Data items
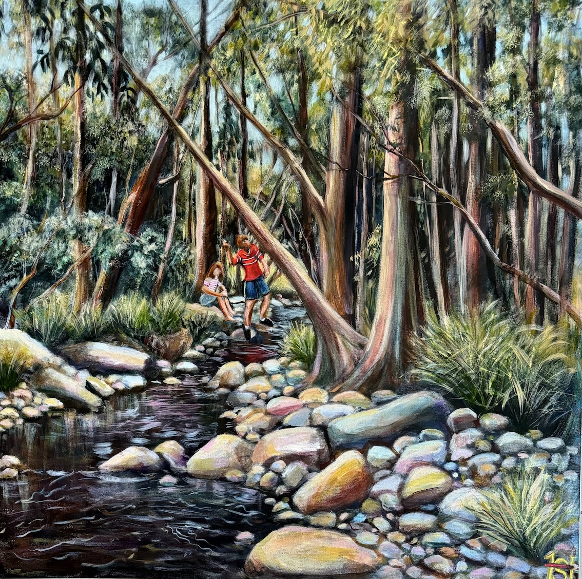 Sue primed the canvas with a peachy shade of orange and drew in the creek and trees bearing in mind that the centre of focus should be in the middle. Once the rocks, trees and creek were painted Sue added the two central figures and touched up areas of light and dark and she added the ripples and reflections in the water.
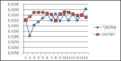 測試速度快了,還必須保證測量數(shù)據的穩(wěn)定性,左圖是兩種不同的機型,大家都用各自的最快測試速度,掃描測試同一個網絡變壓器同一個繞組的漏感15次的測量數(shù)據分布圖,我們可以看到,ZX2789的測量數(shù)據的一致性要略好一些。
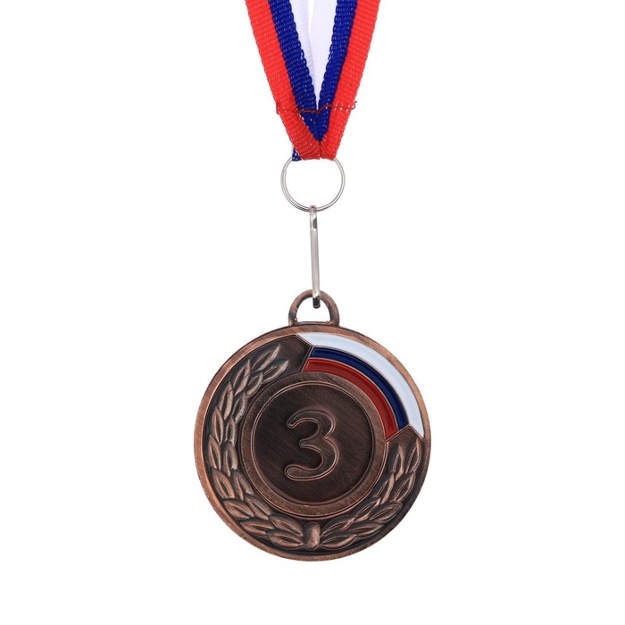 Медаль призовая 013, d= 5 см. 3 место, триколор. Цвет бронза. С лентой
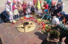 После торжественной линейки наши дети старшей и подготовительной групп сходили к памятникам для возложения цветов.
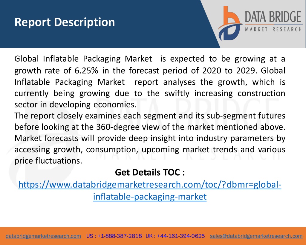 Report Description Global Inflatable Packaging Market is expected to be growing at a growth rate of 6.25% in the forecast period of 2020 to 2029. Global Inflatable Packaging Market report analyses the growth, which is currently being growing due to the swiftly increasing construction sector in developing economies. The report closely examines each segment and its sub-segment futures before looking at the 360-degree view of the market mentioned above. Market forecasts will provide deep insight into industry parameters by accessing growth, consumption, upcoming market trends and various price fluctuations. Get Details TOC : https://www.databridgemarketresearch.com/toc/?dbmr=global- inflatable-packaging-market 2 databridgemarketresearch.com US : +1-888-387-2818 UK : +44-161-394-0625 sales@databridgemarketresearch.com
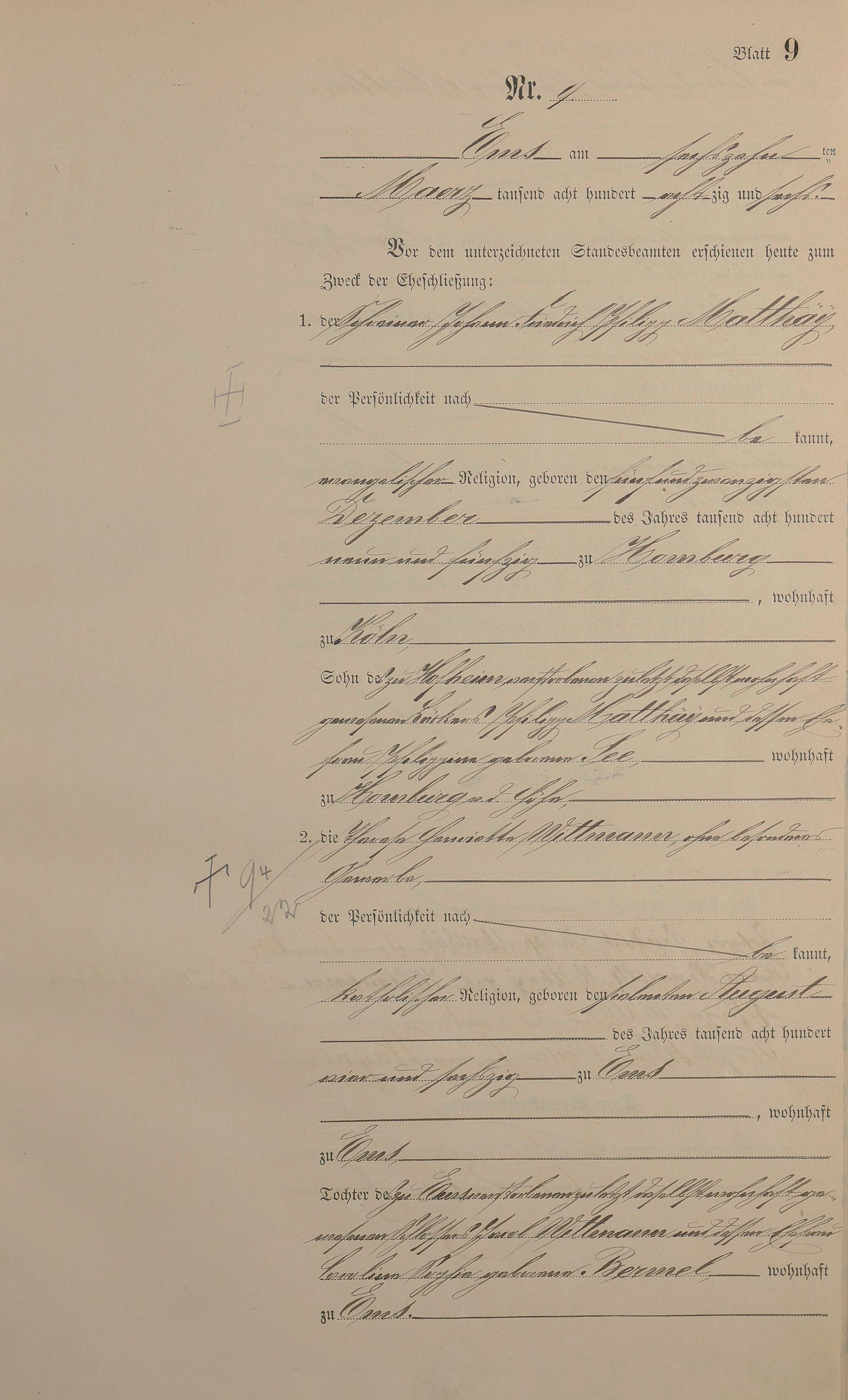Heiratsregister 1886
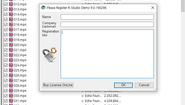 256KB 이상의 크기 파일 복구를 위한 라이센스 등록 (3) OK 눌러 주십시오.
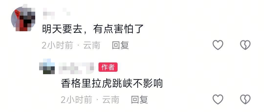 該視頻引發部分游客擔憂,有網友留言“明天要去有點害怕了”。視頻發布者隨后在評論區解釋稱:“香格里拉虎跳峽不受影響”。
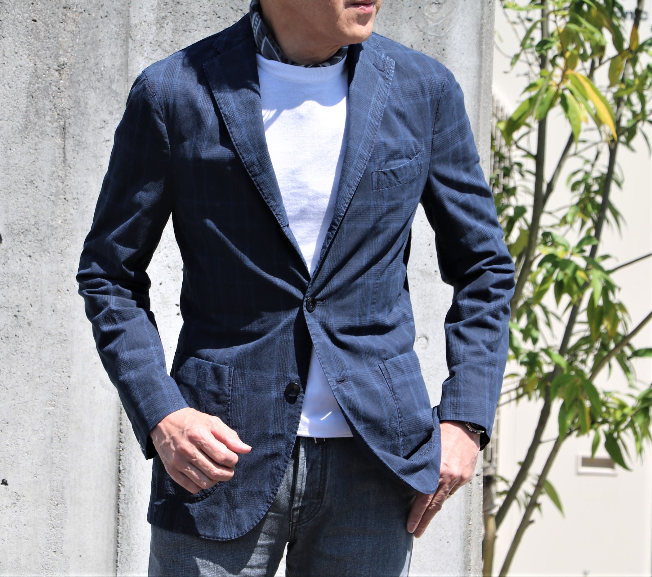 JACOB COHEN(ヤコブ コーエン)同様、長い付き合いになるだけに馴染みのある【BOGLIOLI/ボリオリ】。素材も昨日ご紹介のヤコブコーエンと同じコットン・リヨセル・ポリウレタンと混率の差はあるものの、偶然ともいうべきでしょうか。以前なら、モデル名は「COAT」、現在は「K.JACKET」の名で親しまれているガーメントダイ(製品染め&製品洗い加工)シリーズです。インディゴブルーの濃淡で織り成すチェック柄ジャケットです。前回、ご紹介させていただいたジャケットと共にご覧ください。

■ **Task prompt**: Return exactly, and only, the lines that run from the line containing "256KB 이상의 크기" to the last line of the entries above, both ends included, with pictures left out.

■ **Your response**:
 256KB 이상의 크기 파일 복구를 위한 라이센스 등록 (3) OK 눌러 주십시오.
 該視頻引發部分游客擔憂,有網友留言“明天要去有點害怕了”。視頻發布者隨后在評論區解釋稱:“香格里拉虎跳峽不受影響”。
 JACOB COHEN(ヤコブ コーエン)同様、長い付き合いになるだけに馴染みのある【BOGLIOLI/ボリオリ】。素材も昨日ご紹介のヤコブコーエンと同じコットン・リヨセル・ポリウレタンと混率の差はあるものの、偶然ともいうべきでしょうか。以前なら、モデル名は「COAT」、現在は「K.JACKET」の名で親しまれているガーメントダイ(製品染め&製品洗い加工)シリーズです。インディゴブルーの濃淡で織り成すチェック柄ジャケットです。前回、ご紹介させていただいたジャケットと共にご覧ください。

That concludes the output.